Après les déclarations du président des États-Unis, Joe Biden, la semaine dernière, qui avait qualifié le président de la Russie, Vladimir Poutine, de « criminel de guerre », son secrétaire d’État, Antony Blinken, a révélé que son pays détenait des informations détaillées confirmant que « des membres des forces russes ont commis des crimes de guerre en Ukraine ».

PHOTO KEVIN LAMARQUE, ARCHIVES REUTERS

Antony Blinken, secrétaire d’État des États-Unis

Nous avons vu de nombreux rapports crédibles d’attaques sans distinction et d’attaques visant délibérément des civils, ainsi que d’autres atrocités.

Antony Blinken, secrétaire d’État des États-Unis

Le chef de la diplomatie américaine a notamment cité la destruction « d’immeubles résidentiels, d’écoles, d’hôpitaux, d’installations essentielles, de véhicules civils, de centres commerciaux et d’ambulances », qui a fait « des milliers de morts et de blessés ».

M. Blinken précise qu’il reviendra aux tribunaux de déterminer les responsabilités juridiques de la Russie. L’une de ces instances sera vraisemblablement la Cour pénale internationale (CPI), note Bruno Gélinas-Faucher, professeur de droit à l’Université de Moncton. Le 3 mars dernier, le procureur de la CPI, Karim Khan, a annoncé l’ouverture d’une enquête sur la situation en Ukraine.

« Le procureur de la CPI fait sa propre enquête et il devra en arriver à ses propres conclusions au sujet de la commission des crimes de guerre avant de déposer des accusations », dit-il. Mais la déclaration de M. Blinken laisse entendre que les États-Unis accepteront de transmettre des éléments de preuve au procureur de la CPI. « C’est d’ailleurs un engagement que le Royaume-Uni a déjà pris », dit M. Gélinas-Faucher. Les États-Unis, souligne-t-il, disposent de plus grandes ressources d’enquête et de renseignement que le procureur de la CPI.

Les États-Unis, comme la Russie d’ailleurs, ne reconnaissent pas l’autorité de la Cour pénale internationale, établie à La Haye, aux Pays-Bas. Dans ce contexte, la transmission d’informations des Américains à la CPI « serait en soi assez remarquable », estime M. Gélinas-Faucher.

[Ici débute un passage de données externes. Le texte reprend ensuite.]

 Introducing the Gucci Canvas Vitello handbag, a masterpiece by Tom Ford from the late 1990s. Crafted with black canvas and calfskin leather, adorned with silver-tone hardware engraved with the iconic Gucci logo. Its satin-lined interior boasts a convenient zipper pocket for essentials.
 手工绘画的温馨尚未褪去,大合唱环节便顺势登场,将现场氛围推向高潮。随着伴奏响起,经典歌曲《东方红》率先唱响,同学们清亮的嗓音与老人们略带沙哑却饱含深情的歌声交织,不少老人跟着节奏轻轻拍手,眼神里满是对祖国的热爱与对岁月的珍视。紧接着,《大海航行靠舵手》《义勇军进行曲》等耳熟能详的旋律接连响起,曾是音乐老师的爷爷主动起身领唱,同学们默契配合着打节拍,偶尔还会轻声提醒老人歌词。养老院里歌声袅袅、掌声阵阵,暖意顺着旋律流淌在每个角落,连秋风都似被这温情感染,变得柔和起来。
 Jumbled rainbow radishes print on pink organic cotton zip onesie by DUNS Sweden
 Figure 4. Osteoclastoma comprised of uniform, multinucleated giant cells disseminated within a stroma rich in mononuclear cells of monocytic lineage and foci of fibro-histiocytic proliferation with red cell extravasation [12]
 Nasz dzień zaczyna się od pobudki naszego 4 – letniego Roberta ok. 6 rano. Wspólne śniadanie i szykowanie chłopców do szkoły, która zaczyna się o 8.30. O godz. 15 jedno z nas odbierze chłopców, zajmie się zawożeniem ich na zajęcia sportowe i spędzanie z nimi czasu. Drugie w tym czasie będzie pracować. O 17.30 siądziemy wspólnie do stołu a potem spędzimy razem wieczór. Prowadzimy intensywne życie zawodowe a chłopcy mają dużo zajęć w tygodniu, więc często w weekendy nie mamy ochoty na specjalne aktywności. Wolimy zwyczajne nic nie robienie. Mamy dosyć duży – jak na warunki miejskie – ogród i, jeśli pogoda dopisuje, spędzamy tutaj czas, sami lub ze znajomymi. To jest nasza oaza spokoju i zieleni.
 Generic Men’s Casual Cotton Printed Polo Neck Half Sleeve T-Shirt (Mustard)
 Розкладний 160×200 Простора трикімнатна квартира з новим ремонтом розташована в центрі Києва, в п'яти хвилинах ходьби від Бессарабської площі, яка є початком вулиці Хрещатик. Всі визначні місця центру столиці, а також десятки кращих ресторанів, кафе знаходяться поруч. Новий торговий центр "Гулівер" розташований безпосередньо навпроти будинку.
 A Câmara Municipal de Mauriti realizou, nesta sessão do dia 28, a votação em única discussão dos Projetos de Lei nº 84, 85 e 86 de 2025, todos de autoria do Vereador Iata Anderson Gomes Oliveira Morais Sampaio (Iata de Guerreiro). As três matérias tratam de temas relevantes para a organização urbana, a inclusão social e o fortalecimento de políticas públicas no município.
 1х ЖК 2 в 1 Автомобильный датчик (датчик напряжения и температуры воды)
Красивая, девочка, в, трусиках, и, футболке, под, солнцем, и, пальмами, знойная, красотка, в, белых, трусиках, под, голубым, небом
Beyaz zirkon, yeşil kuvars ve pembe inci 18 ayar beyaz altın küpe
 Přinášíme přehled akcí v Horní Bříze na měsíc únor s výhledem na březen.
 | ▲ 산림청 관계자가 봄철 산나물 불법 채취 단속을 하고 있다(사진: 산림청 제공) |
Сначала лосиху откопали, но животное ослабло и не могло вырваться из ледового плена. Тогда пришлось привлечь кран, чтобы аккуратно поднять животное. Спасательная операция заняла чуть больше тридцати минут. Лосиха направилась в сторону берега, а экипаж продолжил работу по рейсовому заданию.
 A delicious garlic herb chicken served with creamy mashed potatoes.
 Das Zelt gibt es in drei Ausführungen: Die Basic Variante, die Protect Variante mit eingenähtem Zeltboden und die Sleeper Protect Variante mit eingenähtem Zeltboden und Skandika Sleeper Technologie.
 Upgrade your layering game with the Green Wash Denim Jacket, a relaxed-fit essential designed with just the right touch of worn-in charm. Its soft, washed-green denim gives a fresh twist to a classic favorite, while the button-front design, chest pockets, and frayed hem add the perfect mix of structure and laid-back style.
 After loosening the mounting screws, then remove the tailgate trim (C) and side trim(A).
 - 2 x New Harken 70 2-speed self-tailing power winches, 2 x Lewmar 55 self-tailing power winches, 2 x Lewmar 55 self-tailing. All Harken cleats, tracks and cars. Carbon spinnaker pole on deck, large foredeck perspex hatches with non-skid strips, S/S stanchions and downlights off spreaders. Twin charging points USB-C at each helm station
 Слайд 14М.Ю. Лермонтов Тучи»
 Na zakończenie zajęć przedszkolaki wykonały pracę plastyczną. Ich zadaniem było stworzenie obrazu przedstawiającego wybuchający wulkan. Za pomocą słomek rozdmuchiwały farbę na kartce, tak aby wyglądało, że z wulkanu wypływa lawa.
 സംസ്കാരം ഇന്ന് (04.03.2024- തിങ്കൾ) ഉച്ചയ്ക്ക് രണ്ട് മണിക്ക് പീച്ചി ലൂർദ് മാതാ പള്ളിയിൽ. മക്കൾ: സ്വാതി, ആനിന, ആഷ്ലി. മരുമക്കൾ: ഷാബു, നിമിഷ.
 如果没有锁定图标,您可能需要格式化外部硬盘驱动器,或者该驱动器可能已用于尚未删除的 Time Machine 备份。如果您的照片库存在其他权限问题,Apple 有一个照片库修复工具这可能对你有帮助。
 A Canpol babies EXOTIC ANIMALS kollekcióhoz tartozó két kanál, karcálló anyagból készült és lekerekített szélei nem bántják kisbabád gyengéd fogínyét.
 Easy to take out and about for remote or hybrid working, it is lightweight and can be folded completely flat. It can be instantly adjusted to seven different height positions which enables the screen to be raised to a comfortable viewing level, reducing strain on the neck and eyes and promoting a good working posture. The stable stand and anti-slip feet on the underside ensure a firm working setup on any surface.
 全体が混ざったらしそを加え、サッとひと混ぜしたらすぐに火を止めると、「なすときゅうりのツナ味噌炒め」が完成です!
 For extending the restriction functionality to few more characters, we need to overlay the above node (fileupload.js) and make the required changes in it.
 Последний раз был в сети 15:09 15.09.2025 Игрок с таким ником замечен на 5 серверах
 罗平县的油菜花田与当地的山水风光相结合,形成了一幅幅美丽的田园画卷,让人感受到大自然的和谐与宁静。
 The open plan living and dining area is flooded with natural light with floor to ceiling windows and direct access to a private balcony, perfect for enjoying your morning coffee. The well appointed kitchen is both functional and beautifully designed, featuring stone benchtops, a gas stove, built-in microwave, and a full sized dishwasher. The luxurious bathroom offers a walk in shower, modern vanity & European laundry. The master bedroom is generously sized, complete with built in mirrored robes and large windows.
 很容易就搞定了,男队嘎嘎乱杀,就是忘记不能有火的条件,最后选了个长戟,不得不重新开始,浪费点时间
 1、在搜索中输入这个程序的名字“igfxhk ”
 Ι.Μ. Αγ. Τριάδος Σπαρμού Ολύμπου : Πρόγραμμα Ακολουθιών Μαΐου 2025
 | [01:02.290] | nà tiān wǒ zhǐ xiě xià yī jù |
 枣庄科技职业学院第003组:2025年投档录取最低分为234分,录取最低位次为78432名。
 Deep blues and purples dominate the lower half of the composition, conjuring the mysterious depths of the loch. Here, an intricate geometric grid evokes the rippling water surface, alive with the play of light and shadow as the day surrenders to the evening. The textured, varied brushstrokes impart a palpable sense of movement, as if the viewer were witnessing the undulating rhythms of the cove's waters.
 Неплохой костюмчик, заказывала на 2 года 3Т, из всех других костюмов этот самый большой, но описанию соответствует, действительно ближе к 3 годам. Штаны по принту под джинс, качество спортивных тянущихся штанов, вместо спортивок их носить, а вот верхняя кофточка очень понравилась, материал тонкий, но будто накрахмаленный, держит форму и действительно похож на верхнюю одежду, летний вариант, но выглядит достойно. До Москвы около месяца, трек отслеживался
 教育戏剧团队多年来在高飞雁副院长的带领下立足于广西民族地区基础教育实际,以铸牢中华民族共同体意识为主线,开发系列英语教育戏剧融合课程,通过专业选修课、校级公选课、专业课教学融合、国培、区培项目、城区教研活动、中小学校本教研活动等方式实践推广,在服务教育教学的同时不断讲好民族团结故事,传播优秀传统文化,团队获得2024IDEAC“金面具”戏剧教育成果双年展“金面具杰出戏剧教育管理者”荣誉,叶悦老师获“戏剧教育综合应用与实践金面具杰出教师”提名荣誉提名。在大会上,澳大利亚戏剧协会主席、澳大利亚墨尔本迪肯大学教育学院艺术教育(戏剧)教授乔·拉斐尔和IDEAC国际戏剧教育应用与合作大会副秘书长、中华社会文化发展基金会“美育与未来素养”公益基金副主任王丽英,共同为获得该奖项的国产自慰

Bombes à Kyiv, siège à Marioupol

Depuis mardi, l’armée russe a reculé de plus 30 km à l’est de Kyiv et a commencé à établir des positions défensives sur plusieurs fronts en Ukraine, a indiqué mercredi un haut responsable du Pentagone.

À Marioupol, « près de 100 000 personnes dans des conditions inhumaines » sont toujours piégées dans les ruines de la ville, « en état de siège total, sans nourriture, sans eau, sans médicaments, sous des bombardements constants », a alerté mercredi Volodymyr Zelensky.

PHOTO ALEXANDER ERMOCHENKO, REUTERS

Des résidants de la ville assiégée de Marioupol transportent de l’aide humanitaire livrée par des soldats russes.

Au premier hôpital en importance de Marioupol, les patients sont soignés dans les sous-sols, a indiqué le conseil municipal sur sa page Telegram.

« Les chandelles restent la principale source de lumière. Ils essaient d’économiser le carburant le plus possible, donc les générateurs diésel ne sont utilisés que pour les opérations complexes », a raconté le conseil, ajoutant que de 600 à 700 habitants des environs se sont également réfugiés dans cet hôpital.